Вечером, когда крыши поселка и верхушки деревьев все еще полыхали на солнце, а сады уже стояли как на дне, в темном воздухе ночи она поднялась по боковой деревянной лестнице на его чердак. Марк лежал на сеннике, читая страницу за страницей дореволюционный, тусклого золота, словарь Брокгауза. Том был на букву «М», и Марк, вступив в Мальтийский орден, переправился на Мадагаскар, обзавелся двадцатичетырехзарядным маузером и рассматривал высеченный из камня лик
Медузы с прической змеи, когда Лара появилась на пороге. Она была в голубом сарафане с открытой спиной и босиком. Ее русые, начавшие выгорать волосы были зачесаны за уши. Она держала в руках банку с простоквашей и смотрела на Марка, улыбаясь серьезными серыми глазами. «Я вся обгорела. Ты видел?» — сказала она, поворачиваясь спиною. Под скрещенными бретельками сарафана воспаленно горела ее пунцовая кожа. «А здесь?» — сказала она, задирая подол. Под сарафаном на ней ничего не было. На мгновенье у Марка перехватило дыхание. Шум террасы, где Борис Николаевич уже тренькал на своей семиструнке, звякали стаканы и смеялась мать, перекрыл глухой шум крови. Хум-хум-хум — билось огромное сердце в голове. Лара сделала шаг в комнату и, быстро повернувшись, набросила крючок на дверь. «Софья Аркадьевна говорит, что простокваша — самое лучшее от ожогов…»

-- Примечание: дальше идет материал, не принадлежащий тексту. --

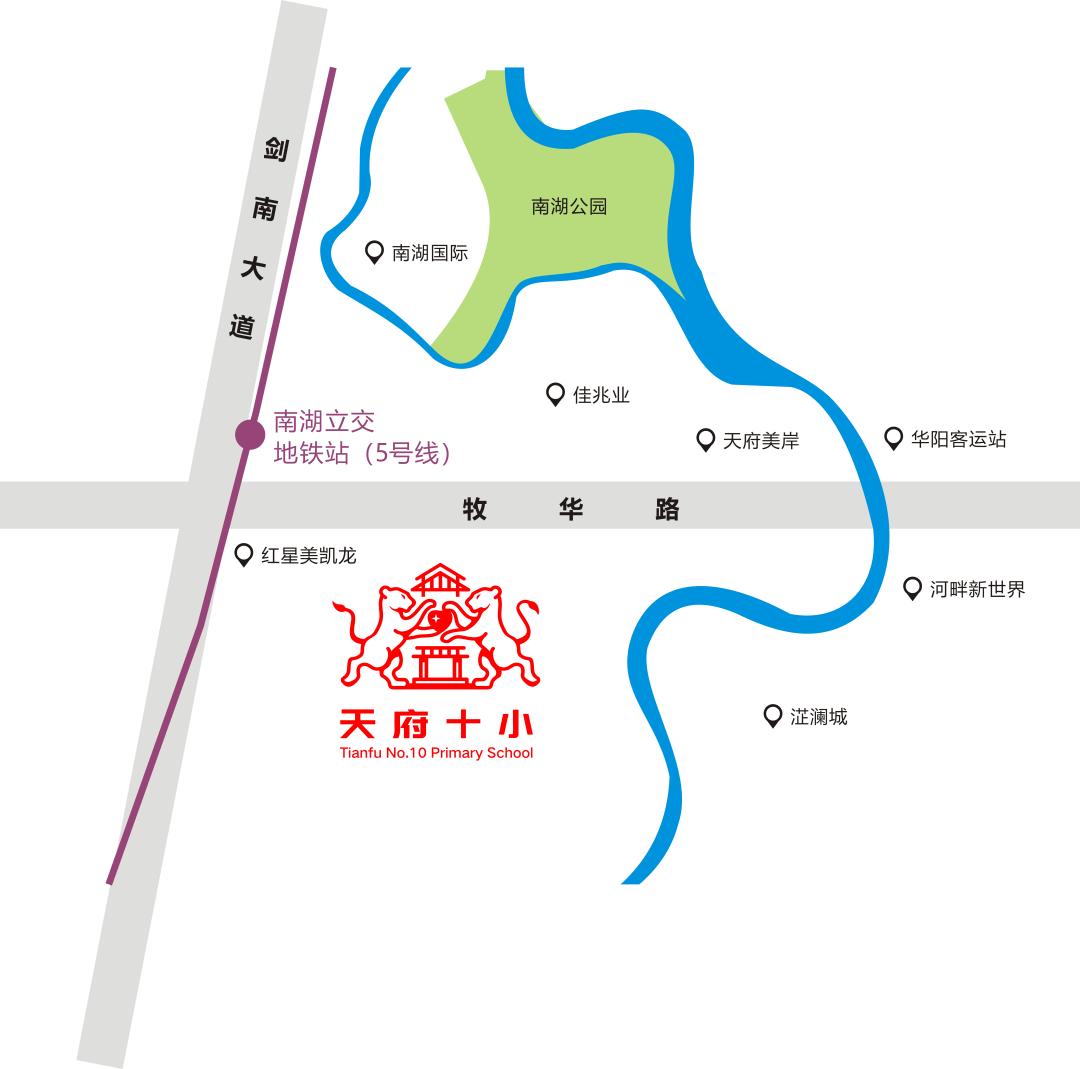 成都天府新区第十小学,位于天府新区祥鹤一街456号(紧临中海锦江城、川发天府上城),临近城市主干道剑南大道、五环牧华路段、南湖立交地铁站和瑞祥路站(公交站)。学校总占地面积约48亩,总建筑面积约2.4万平方米,设计规模36个教学班,1620个学位。

Она лежала на животе поверх сбитых простыней. Скворцы-пересмешники на все еще освещенном тополе в окне дразнили соседского кота. Марк осторожно размазывал простоквашу по ее горячей спине, стараясь не запачкать сарафан. Кожа была нежной, и при каждом движении руки Марка Лара ерзала всем телом. Бретельки были развязаны и сброшены вниз. Особенно горячими и темными были ее плечи. Марк, стоя на коленях, медленно водил мокрыми ладонями по худым лопаткам и лишь кончиками пальцев по шее — там, где были отбившиеся от зачесанных в пучок волос дымчатые завитки. Его колени и даже голова тряслись. Он сжимал зубы, потому что, как зимою на катке, зубы у него мелко стучали. Простокваша на Лариной спине высыхала моментально. Он начал смазывать спину уже в пятый раз, когда Лара, медленно шурша, повернулась. «Здесь тоже», — сказала она. Какая-то пуговица, что-то натянув, лопнула, сарафан исчез совсем. Марк, больно закусив губу, зачерпнув из банки голубой простокваши, осторожно, словно боясь обжечь или обжечься, коснулся горячей кожи. Лара вздрогнула и, подняв на него глаза, перехватила его мокрую руку и крепко положила ее на совершенно белую с темным соском грудь. Он услышал, как за его спиною в открытом окне с визгом и треском крыльев промчались стрижи. «Здесь тоже», — с запозданием сказала Лара. «Там ничего не обгорело», — шепотом возразил Марк. «Все равно». Ее рука прижимала его руку все сильнее и сильнее, и ее грудь под его пальцами напрягалась, словно росла. Он услышал стрекот вертолета, возвращающегося из долины на заставу, стрекот перешел в ритмичное уханье, в грохот, и в следующий момент рука Лары уже вела его руку по горячему мягкому животу. Не в силах больше держать голову на весу, он уронил ее на подушку рядом с Лариной головой, прижавшись губами к ее шее, с ужасом чувствуя, как нежная шелковистая кожа переходит в нежные, почему-то мокрые волосы, затем был провал, лицо Лары повернулось к нему, ее глаза стали огромными, как тогда, под водою, и она, словно потеряв дар речи, выпучив губы, попыталась выдавить какое-то слово, но только смогла простонать: «А-а-а-а! А-а…»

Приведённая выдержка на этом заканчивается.